In this example, when the client sends a GET request to /stream, the server responds with a stream of numbers separated by new lines. As the stream produces infinite numbers, the client receives the numbers as they are produced by the server.

From HTML, Text, and Template

Creating a Plain Text Response

The Handler.text constructor takes a String and produces a Handler that returns a response with the given plain text content and the Content-Type header set to text/plain:

Handler.text("Hello world!")

Creating an HTML Response

ZIO HTTP has a DSL for creating HTML responses. To use it, we need to import the zio.http.template._ package. The Handler.html constructor takes an Html element and produces a Handler that returns a response with the given HTML content and the Content-Type header set to text/html:

import zio.http._
import zio.stream._
import zio.http.template._

Routes(
Method.GET / "html" ->
Handler.html(

html(
// Support for child nodes
head(
title("ZIO HTTP"),
),
body(
div(
// Support for css class names
css := "container text-align-left",
h1("Hello World"),
ul(
// Support for inline css
styles := "list-style: none",
li(
// Support for attributes
a(href := "/hello/world", "Hello World"),
),
li(
a(href := "/hello/world/again", "Hello World Again"),
),

// Support for Seq of Html elements
(2 to 10) map { i =>
li(
a(href := s"/hello/world/i", s"Hello World $i"),
)
},
),
),
),
)
)
)

Creating an HTML Response Using Template

ZIP HTTP has a simple built-in template which is useful for creating simple HTML pages with minimal effort. Let's see an example:

import zio.http._
import zio.http.template._

Routes(
Method.GET / "hello" ->
Handler.template("Hello world!")(
html(
body(
p("This is a simple HTML page.")
)
)
)
)

Let's see what happens if the client requests the above route:

$> curl -i http://127.0.0.1:8080/hello
HTTP/1.1 200 OK
content-type: text/html
content-length: 352

<!DOCTYPE html><html><head><title>ZIO HTTP - Hello world!</title><style>
body {
font-family: monospace;
font-size: 16px;
background-color: #edede0;
}
</style></head><body><div style="margin:auto;padding:2em 4em;max-width:80%"><h1>Hello world!</h1><html><body><p>This is a simple Hello, World!

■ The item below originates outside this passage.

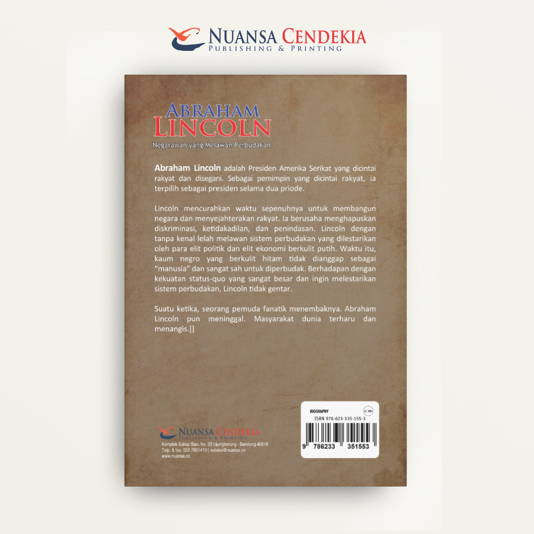 Abraham Lincoln: Negarawan yang Melawan Perbudakan adalah biografi mendalam yang menyoroti kehidupan dan warisan Abraham Lincoln, Presiden Amerika Serikat ke-16, dengan fokus utama pada perannya sebagai negarawan yang berjuang keras untuk menghapuskan praktik perbudakan. Buku ini mengupas perjalanan hidup Lincoln, mulai dari masa-masa awal yang sederhana, kepemimpinannya yang krusial selama Perang Saudara Amerika, hingga penetapan Proklamasi Emansipasi, yang secara fundamental mengubah tatanan moral dan hukum negara. Karya ini menggarisbawahi kegigihan, kecerdasan politik, dan komitmen moral Lincoln dalam menghadapi perpecahan domestik yang paling mendalam, menjadikannya simbol persatuan, keadilan, dan perjuangan abadi untuk kesetaraan hak asasi manusia.

HTML page.</p></body></html></div></body></html>⏎

Timeout Handler

The Handler.timeout takes a Duration and returns a Handler that times out after the given duration with 408 status code.

Status Codes

ZIO HTTP provides a set of constructors for creating handlers that return responses with specific status codes. Here are some of the common ones:

HandlerHTTP Status Code
Handler.ok200
Handler.badRequest400
Handler.forbidden403
Handler.tooLarge413
Handler.notFound404
Handler.methodNotAllowed405
Handler.internalServerError500

If we need to create a handler that returns a response with a specific status code other than the ones listed above, we can use the Handler.status constructor.

The Handler.status constructor creates a Handler that always responds with the same status code and empty data:

Handler.status(Status.Ok)

Handler.error

Creates a Handler that always fails with the given error.

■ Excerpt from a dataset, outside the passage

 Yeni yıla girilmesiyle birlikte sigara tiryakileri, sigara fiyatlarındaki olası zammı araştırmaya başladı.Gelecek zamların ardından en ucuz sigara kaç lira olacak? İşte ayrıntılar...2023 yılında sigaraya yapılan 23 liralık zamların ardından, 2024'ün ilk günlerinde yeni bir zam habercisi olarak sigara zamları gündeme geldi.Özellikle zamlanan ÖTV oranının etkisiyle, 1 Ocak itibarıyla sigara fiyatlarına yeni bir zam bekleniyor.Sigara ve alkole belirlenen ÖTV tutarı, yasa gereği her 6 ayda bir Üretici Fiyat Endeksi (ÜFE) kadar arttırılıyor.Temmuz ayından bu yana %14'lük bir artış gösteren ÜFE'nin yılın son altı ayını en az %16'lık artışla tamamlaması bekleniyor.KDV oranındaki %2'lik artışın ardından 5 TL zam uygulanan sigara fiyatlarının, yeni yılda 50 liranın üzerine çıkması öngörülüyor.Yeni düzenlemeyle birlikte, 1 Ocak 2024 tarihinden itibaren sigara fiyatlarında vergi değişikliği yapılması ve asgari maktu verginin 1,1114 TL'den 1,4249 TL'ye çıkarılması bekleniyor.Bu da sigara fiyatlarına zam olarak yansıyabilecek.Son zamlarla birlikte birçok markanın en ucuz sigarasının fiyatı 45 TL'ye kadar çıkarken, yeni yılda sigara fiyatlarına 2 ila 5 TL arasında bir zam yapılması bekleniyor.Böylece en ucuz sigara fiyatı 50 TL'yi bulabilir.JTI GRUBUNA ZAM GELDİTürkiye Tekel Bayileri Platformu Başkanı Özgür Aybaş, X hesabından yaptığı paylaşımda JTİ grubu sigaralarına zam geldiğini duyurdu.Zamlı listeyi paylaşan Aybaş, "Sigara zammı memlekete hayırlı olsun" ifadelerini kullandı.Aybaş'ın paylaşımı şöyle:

Handler.error(Status.Forbidden)

Creating a Handler From Body

The Handler.fromBody constructor takes a Body and produces a Handler that always returns a response with the given body with a 200 status code.

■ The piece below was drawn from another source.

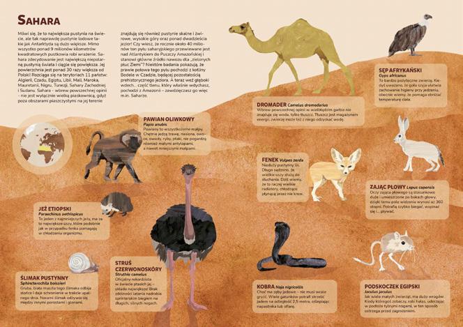Full of fantastic information and curiosities, the book unveils the secrets of the ocean and desert areas. A compendium of knowledge about water and desert as well as their fauna and flora. We all know the desert is hot! But sometimes you can get really cold there. How it’s possible?

Creating a Bounded Body Consumer

The Handler.asChunkBounded constructor takes a Request and the maximum size of the body in bytes (limit), and produces a Handler that consumes the body of the request and returns a chunk of bytes. If the body size of the request exceeds the given limit, the handler throws an exception:

import zio.http._
import zio.stream._
import zio.schema.codec.JsonCodec.zioJsonBinaryCodec

Routes(
Method.POST / "bounded-body-consumer" ->
handler { (request: Request) =>
Handler
.asChunkBounded(request, limit = 10)
.map { x: Chunk[Byte] =>
Response(body = Body.fromStream(ZStream.fromChunk(x)))
}.orDie
}.flatten
)

From Function

To create a Handler using a pure function, use Handler.fromFunction. It takes a function from In to Out (Int => Out) and returns a Handler that takes In and returns Out (Handler[Any, Nothing, In, Out]).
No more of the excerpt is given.